There was a great page-two article in Wednesday's Washington Post (here) that was seriously hilarious. And I mean HILARIOUS. As you know (well, most of you probably have real hobbies), Tuesday the House was debating the Marriage Amendment. That's right, the one that was defeated by the Senate like, I don't know, at least one Crime Emergency ago? The very same amendment that cannot be passed into law unless the Senate passes it with a supermajority. Which it did not. So we are paying for congressmen and women to sit around and discuss things that are not a possibility. In light of this clarification of the House's role, I present the next five most important things to be decided:

  1. My Little Pony's™: Threat to Alaska

  2. Defeating the Danger: Dangling Participles

  3. Gravity: Just Vote No!

  4. Threat Level Abrahamoff

  5. The Naming of The “Scooter” Washington National Airport

Apparently God was speaking to the Republicans on Tuesday, and this is what he was telling them about protecting marriage for fat white guys: “It's part of God's plan for the future of mankind,” said John Carter from Texas. Really? God's plan for MANKIND? I thought his whole plan was to get it so that we could walk on two feet. I doubt God had much more in mind after that. Bob Beauprez agreed, “We best not be messing with His plan”. Yes, we best not be using standard English either. Can't have the hispanics catching on and learnin' it up. They mights pass the citizen test, then.

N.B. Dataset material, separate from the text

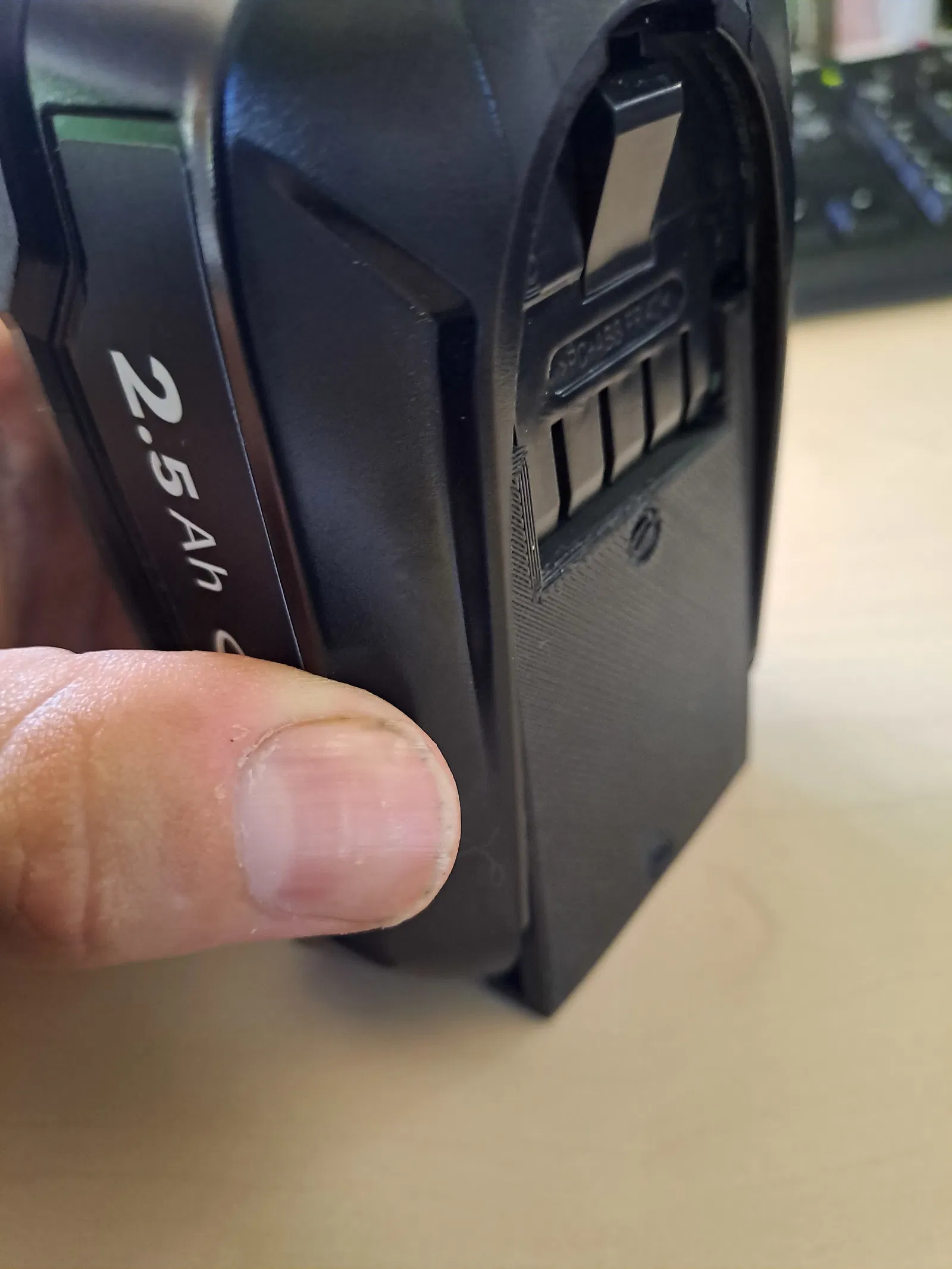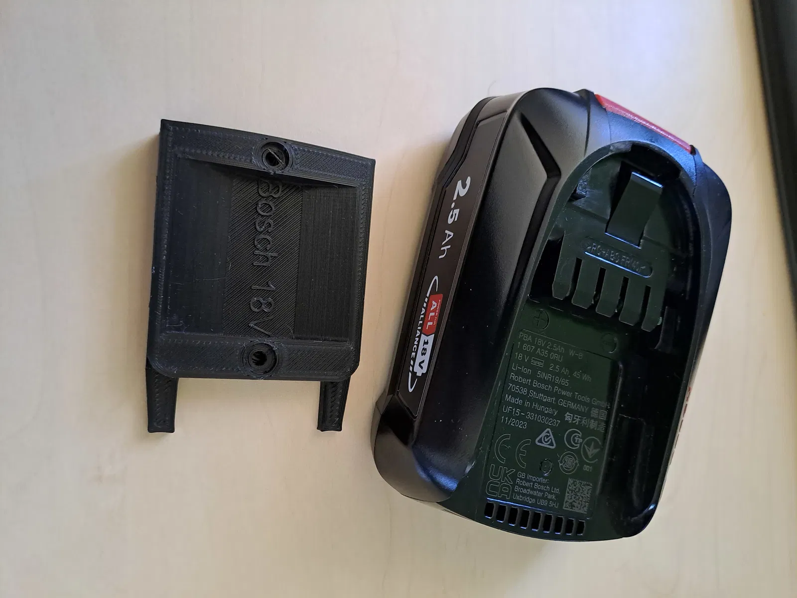 Đây là giá đỡ pin Bosch 18V All-in-One, thuộc hệ thống “Bosch alliance”. Giá đỡ này có thể gặp lỗi khi cắt lớp nhưng vẫn in được. Lưu ý, thiết kế không gắn trực tiếp lên tường và chỉ dùng ở vị trí dọc nha bạn.

The best quote of the entire shameful chicanery come from a man who comes from close to where I come from (the pride, oh the pride welling up), Todd Akin from Missouri. “Marriage is not about love. It's about a love that can bear children.” I think we can safely assume that Ms. Akin made him get his tubes snipped along time ago, if only to ensure there was no one to assume his political legacy. So there you have it folks, from the mouths of Republican Christans: gays can't marry because that would mean that straight guys love their wives. Case closed.

You thrust just like so to make loveless babies. God said.


Mrs. Tarquin Biscuitbarrel said...

So that's what marriage is about? The only thing? Having children? Well, Pat Buchanan doesn't have any--does that make his marriage invalid? John Roberts and his wife bought their children rather than breeding them, what about their marriage?? Grrrrr.